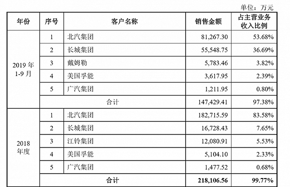 孚能科技最依賴的大客戶即北汽集團。2016年至2019年前三季度北汽集團占公司銷售比重分別為65.63%、87.57%、83.58%及53.68%。北汽集團各個報告期占公司比重皆超過50%,高峰時甚至達到近九成,其關(guān)系密切程度類似“母子”公司。
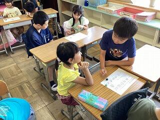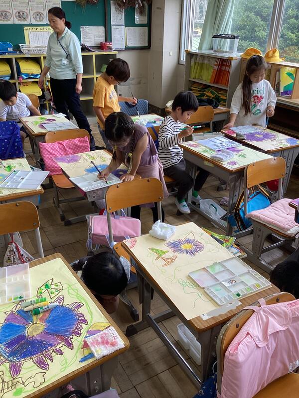 小学校に入学して初めての夏休みが終わり,子供たちの元気な声が教室に戻ってきました。「海とプールに行ったよ」「お家でゲームをしたよ」「花火を見たよ」「水族館に行ったよ」など,話したいことがあふれてくる様子でした。一生懸命に話す姿がとてもかわいかったです。
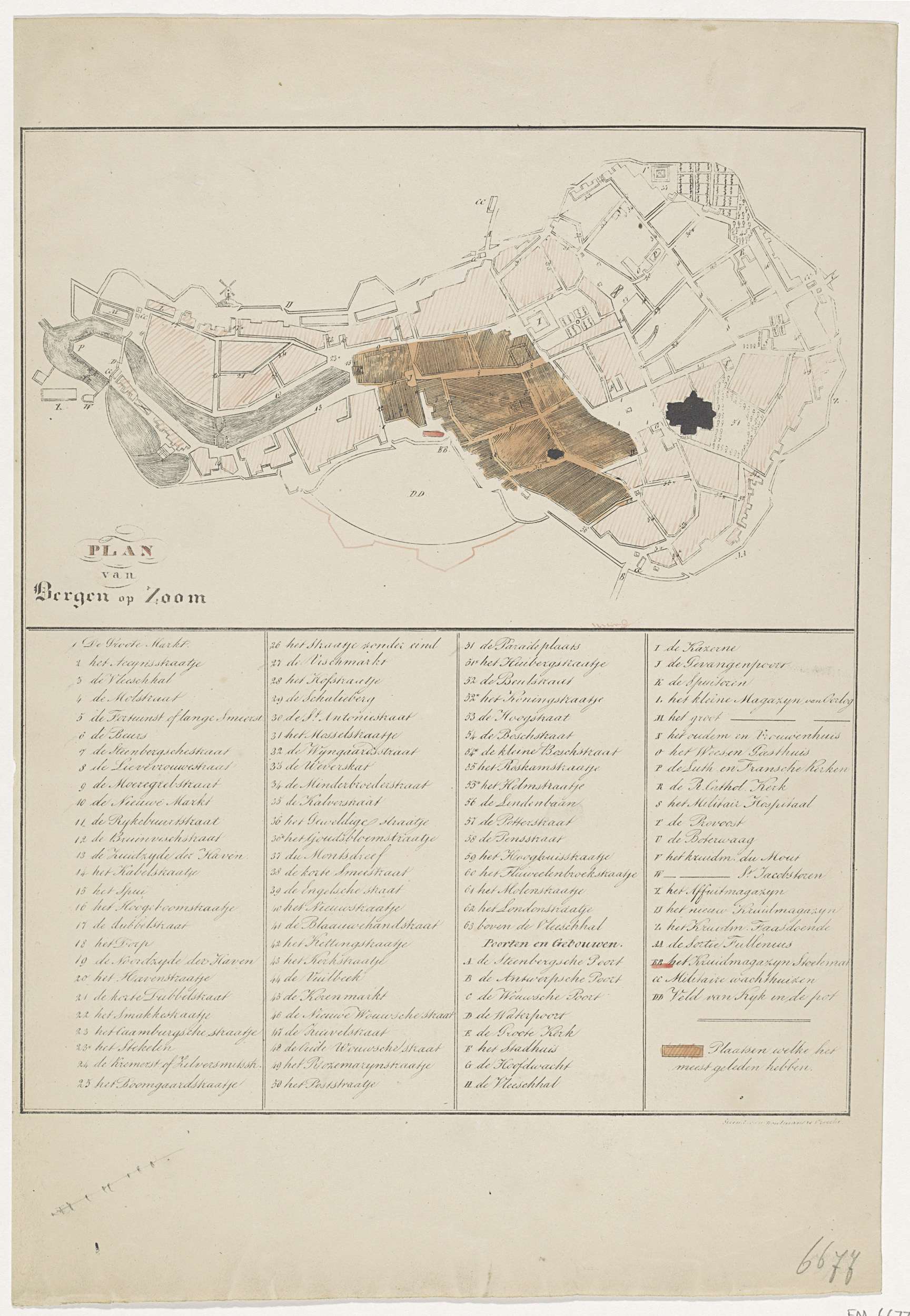 Plattegrond van Bergen op Zooom waarop de schade is aangegeven aangericht door de ontploffing in de kruitmagazijn van laboratorium Stoelemat te Bergen op Zoom, 29 maart 1831. Delen van de kaart met kleuren aangegeven. Met in vier kolommen de legenda 1-63, A-Z en AA-DD.
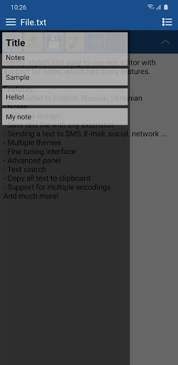 Handy, stylish and easy-to-use text editor with the ability to work with notes.
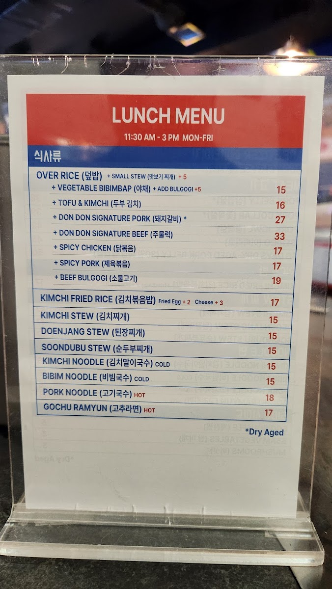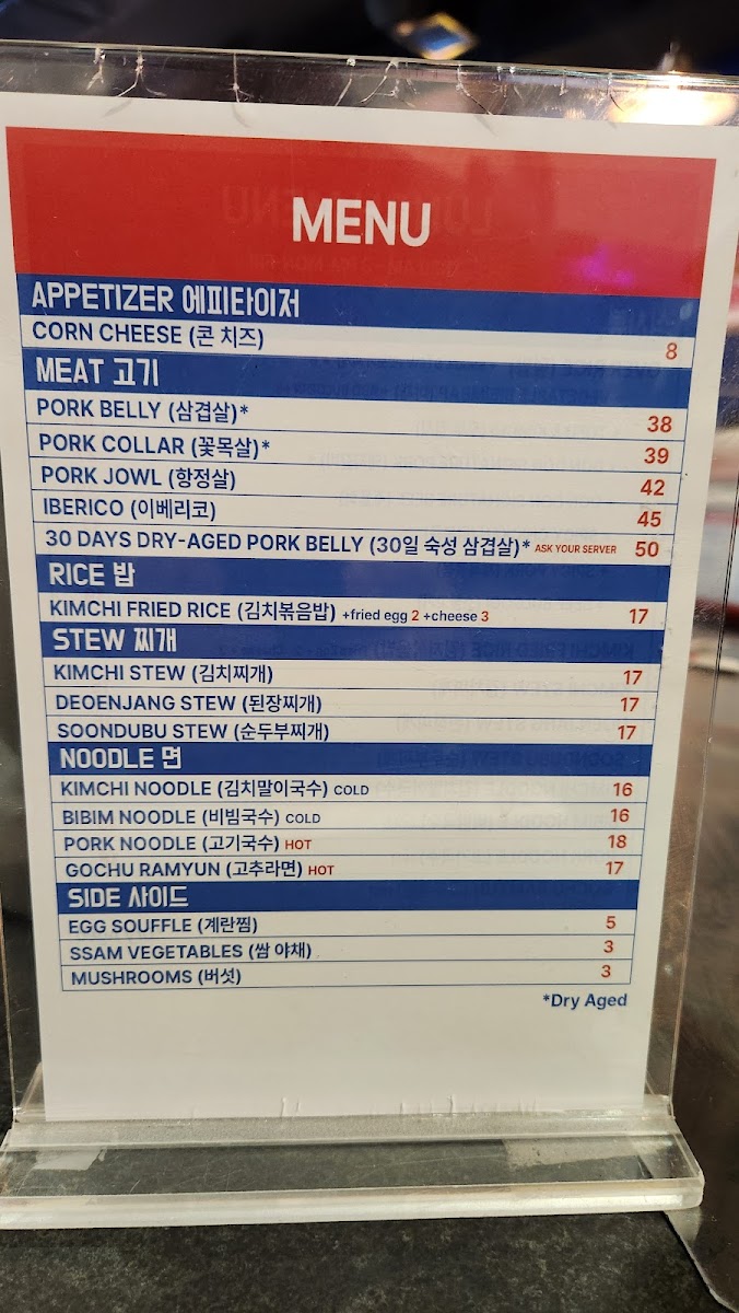 Grilled soy marinated dry aged pork collar Served over rice with Scallion salad and Onion Kimchi
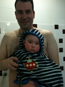 But the highlight of the week, and certainly something we’ve been looking forward to for ages, was Alex’s very first swimming lesson! We’ve signed up to Saturday morning classes for him so that it’s something he can do with Matt – and so at 9.30am today, Alex was sporting a rather dashing (and quite retro) baby swim nappy:
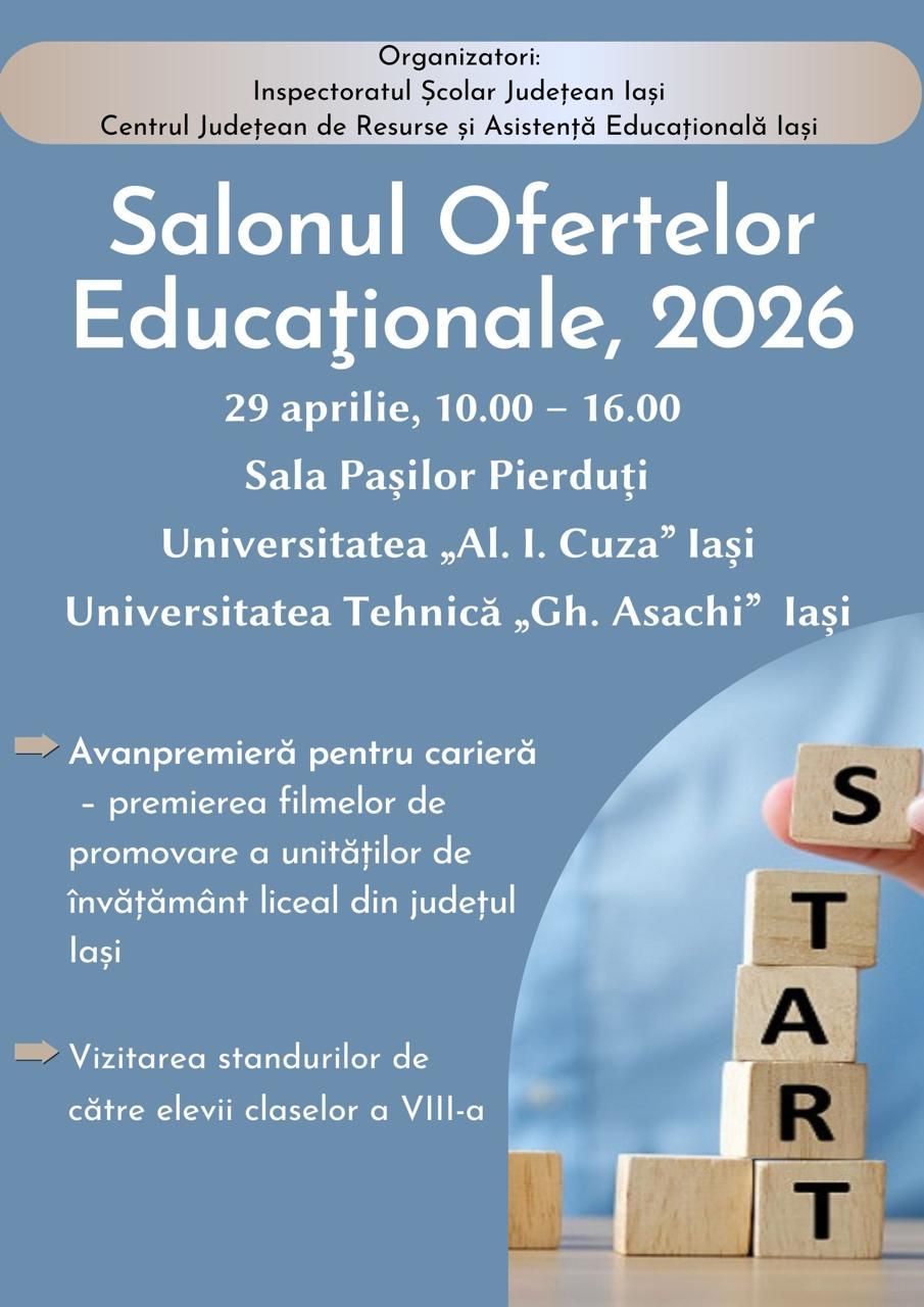 La Iași se desfășoară, miercuri, 29 aprilie 2026, Salonul Ofertelor Educaționale.
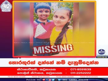 අතුරුදහන් බවට පැමිණිල්ලක් ලැබී ඇති, ඡායාරූපයේ දැක්වෙන කාන්තාව හා ඇගේ දියණිය සොයා පොලිස් විමර්ශන ක්රියාත්මකයි.
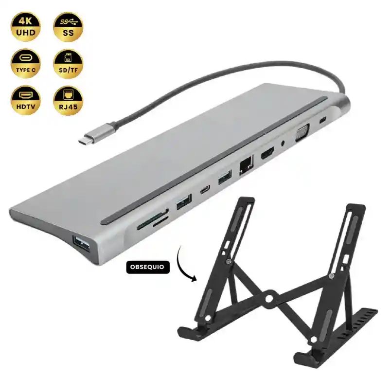 Convierte tu laptop en una estación de trabajo completa con el Hub Innovo+ 11 en 1, que además incluye un soporte ergonómico ajustable para mayor comodidad y productividad. 11 puertos en 1: HDMI 4K, VGA, USB 3.0, USB 2.0, RJ45, USB-C, PD, lector SD/TF y salida de audio. Compatible con laptops y MacBook (Windows, macOS, Chromebook y más). Soporte plegable y ergonómico con 6 niveles de altura, ideal para reducir fatiga de cuello y espalda. Diseño en aluminio con disipación de calor eficiente para laptops de alto rendimiento. Conectividad total: conecta monitores, teclados, mouse, proyectores, discos duros, memorias USB y mucho más. Portátil y compacto, perfecto para oficina, teletrabajo, viajes o estudio. Beneficios: Mayor productividad con múltiples pantallas y dispositivos conectados. Resolución 4K UHD en HDMI para presentaciones y trabajo gráfico. Internet estable con puerto RJ45 Ethernet. Carga rápida PD para laptops y dispositivos móviles. Soporte plegable ligero, fácil de guardar y transportar. Medidas del hub: 25 cm x 8 cm x 1.9 cm Medidas del soporte: 28 cm x 21 cm x 20 cm
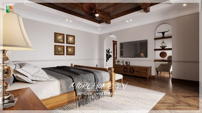 Trong không gian lãng mạn của một phòng ngủ tại Hội An, màu sắc đóng vai trò then chốt trong việc tạo nên bầu không khí ấm áp và gần gũi. Những gam màu nhẹ nhàng như hồng pastel, xanh mint hay kem sẽ mang lại cảm giác dễ chịu và dịu dàng, lý tưởng cho những khoảnh khắc bên người thương. Bên cạnh đó, màu vàng nhạt từ ánh sáng sẽ giúp làm nổi bật từng đường nét thiết kế, tạo nên sự phân chia nhẹ nhàng giữa các khu vực mà vẫn giữ được tính liên kết cho toàn bộ không gian.

· · · · · · ·

**EXERCISE**
Return the entries above exactly as they appear. Pictures should not be copied.

**WORKED SOLUTION**
 孚能科技最依賴的大客戶即北汽集團。2016年至2019年前三季度北汽集團占公司銷售比重分別為65.63%、87.57%、83.58%及53.68%。北汽集團各個報告期占公司比重皆超過50%,高峰時甚至達到近九成,其關(guān)系密切程度類似“母子”公司。
 小学校に入学して初めての夏休みが終わり,子供たちの元気な声が教室に戻ってきました。「海とプールに行ったよ」「お家でゲームをしたよ」「花火を見たよ」「水族館に行ったよ」など,話したいことがあふれてくる様子でした。一生懸命に話す姿がとてもかわいかったです。
 Plattegrond van Bergen op Zooom waarop de schade is aangegeven aangericht door de ontploffing in de kruitmagazijn van laboratorium Stoelemat te Bergen op Zoom, 29 maart 1831. Delen van de kaart met kleuren aangegeven. Met in vier kolommen de legenda 1-63, A-Z en AA-DD.
 Handy, stylish and easy-to-use text editor with the ability to work with notes.
 Grilled soy marinated dry aged pork collar Served over rice with Scallion salad and Onion Kimchi
 But the highlight of the week, and certainly something we’ve been looking forward to for ages, was Alex’s very first swimming lesson! We’ve signed up to Saturday morning classes for him so that it’s something he can do with Matt – and so at 9.30am today, Alex was sporting a rather dashing (and quite retro) baby swim nappy:
 La Iași se desfășoară, miercuri, 29 aprilie 2026, Salonul Ofertelor Educaționale.
 අතුරුදහන් බවට පැමිණිල්ලක් ලැබී ඇති, ඡායාරූපයේ දැක්වෙන කාන්තාව හා ඇගේ දියණිය සොයා පොලිස් විමර්ශන ක්රියාත්මකයි.
 Convierte tu laptop en una estación de trabajo completa con el Hub Innovo+ 11 en 1, que además incluye un soporte ergonómico ajustable para mayor comodidad y productividad. 11 puertos en 1: HDMI 4K, VGA, USB 3.0, USB 2.0, RJ45, USB-C, PD, lector SD/TF y salida de audio. Compatible con laptops y MacBook (Windows, macOS, Chromebook y más). Soporte plegable y ergonómico con 6 niveles de altura, ideal para reducir fatiga de cuello y espalda. Diseño en aluminio con disipación de calor eficiente para laptops de alto rendimiento. Conectividad total: conecta monitores, teclados, mouse, proyectores, discos duros, memorias USB y mucho más. Portátil y compacto, perfecto para oficina, teletrabajo, viajes o estudio. Beneficios: Mayor productividad con múltiples pantallas y dispositivos conectados. Resolución 4K UHD en HDMI para presentaciones y trabajo gráfico. Internet estable con puerto RJ45 Ethernet. Carga rápida PD para laptops y dispositivos móviles. Soporte plegable ligero, fácil de guardar y transportar. Medidas del hub: 25 cm x 8 cm x 1.9 cm Medidas del soporte: 28 cm x 21 cm x 20 cm
 Trong không gian lãng mạn của một phòng ngủ tại Hội An, màu sắc đóng vai trò then chốt trong việc tạo nên bầu không khí ấm áp và gần gũi. Những gam màu nhẹ nhàng như hồng pastel, xanh mint hay kem sẽ mang lại cảm giác dễ chịu và dịu dàng, lý tưởng cho những khoảnh khắc bên người thương. Bên cạnh đó, màu vàng nhạt từ ánh sáng sẽ giúp làm nổi bật từng đường nét thiết kế, tạo nên sự phân chia nhẹ nhàng giữa các khu vực mà vẫn giữ được tính liên kết cho toàn bộ không gian.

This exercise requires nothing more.